Simulation study of the contribution of oligomer/oligomer binding to capsid assembly kinetics

Abstract

The process by which hundreds of identical capsid proteins self-assemble into icosahedral structures is complex and poorly understood. Establishing constraints on the assembly pathways is crucial to building reliable theoretical models. For example, it is currently an open question to what degree overall assembly kinetics are dominated by one or a few most efficient pathways versus the enormous number theoretically possible. The importance of this question, however, is often overlooked due to the difficulties of addressing it in either theoretical or experimental practice. We apply a computer model based on a discrete-event simulation method to evaluate the contributions of nondominant pathways to overall assembly kinetics. This is accomplished by comparing two possible assembly models: one allowing growth to proceed only by the accretion of individual assembly subunits and the other allowing the binding of sterically compatible assembly intermediates any sizes. Simulations show that the two models perform almost identically under low binding rate conditions, where growth is strongly nucleation-limited, but sharply diverge under conditions of higher association rates or coat protein concentrations. The results suggest the importance of identifying the actual binding pattern if one is to build reliable models of capsid assembly or other complex self-assembly processes.

FIGURE 1

Screenshots of an assembly subunit, intermediates, and complete capsid in the simulation model. (a) Assembly subunit representing a pentermeric capsomer. (b) Simplified T = 1 capsid model structure consisting of 12 subunits with structure shown in a. (c–f) Possible intermediate stages in an assembly reaction and the allowed movements between them for (c) an open linear trimer and a monomer, (d) a closed trimer and a monomer, (e) two dimers, and (f) a tetramer.

FIGURE 2

Time courses of simulations with a system size N = 1000 and varied association rate constants (0.001, 0.01, 0.1, 1) and binding patterns. Error bars represent ± 1 SD derived from 30 simulation runs. (a) Complete capsid production with the unconstrained binding pattern. (b) Complete capsid production with the constrained binding pattern. (c) Capsomer concentration changes with the unconstrained binding pattern. (d) Capsomer concentration changes with constrained binding pattern.

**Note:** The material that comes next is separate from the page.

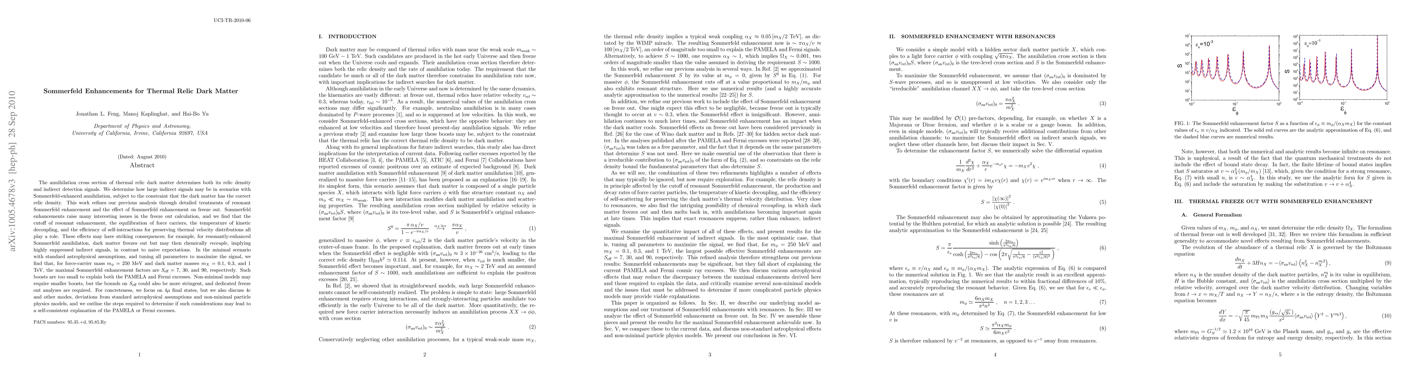 This paper investigates the impact of Sommerfeld enhancements on the annihilation cross section of thermal relic dark matter, refining previous analyses to explore resonant effects and their influence on freeze-out processes. It finds that while significant enhancements can occur, they are insufficient to explain observed cosmic ray excesses, suggesting that non-minimal models or stricter bounds may be needed.

The insets in a and b are the time course with k_a = 0.001 and a longer simulation run time.

FIGURE 3

Time courses of concentrations of species of 11 sizes (from dimer to complete capsid) from simulation runs with N = 1000. a, c, and e are for the unconstrained binding pattern with k_a = 0.001, 0.01, and 0.1. b, d, and f are for the constrained binding pattern with k_a = 0.001, 0.01, and 0.1.

FIGURE 4

Screenshots of assembly products of various sizes after capsid production has reached a plateau from simulations with different binding patterns using the parameters N = 1000, ka = 0.1, and kd = 1000. (a) Unconstrained binding pattern. (b) Constrained binding pattern.

FIGURE 5

Comparison of the two binding patterns with identical initial concentrations of capsomers (N = 1000). (a) Simulations under conditions producing kinetic trapping, with capsid yields from the constrained binding pattern for k_a = 1:100, 1:90, 1:80, and 1:70 and for the unconstrained binding pattern with k_a = 1:10. (b) Simulations under conditions not producing kinetic trapping, using k_a = 0.001 for both binding patterns.

FIGURE 6

Capsid time courses with three association rate constants (0.001, 0.01, 10⁻⁹) and two system sizes (N = 500, 2000). Left panels (a, c, e): unconstrained binding pattern. Right panels (b, d, f): constrained binding pattern.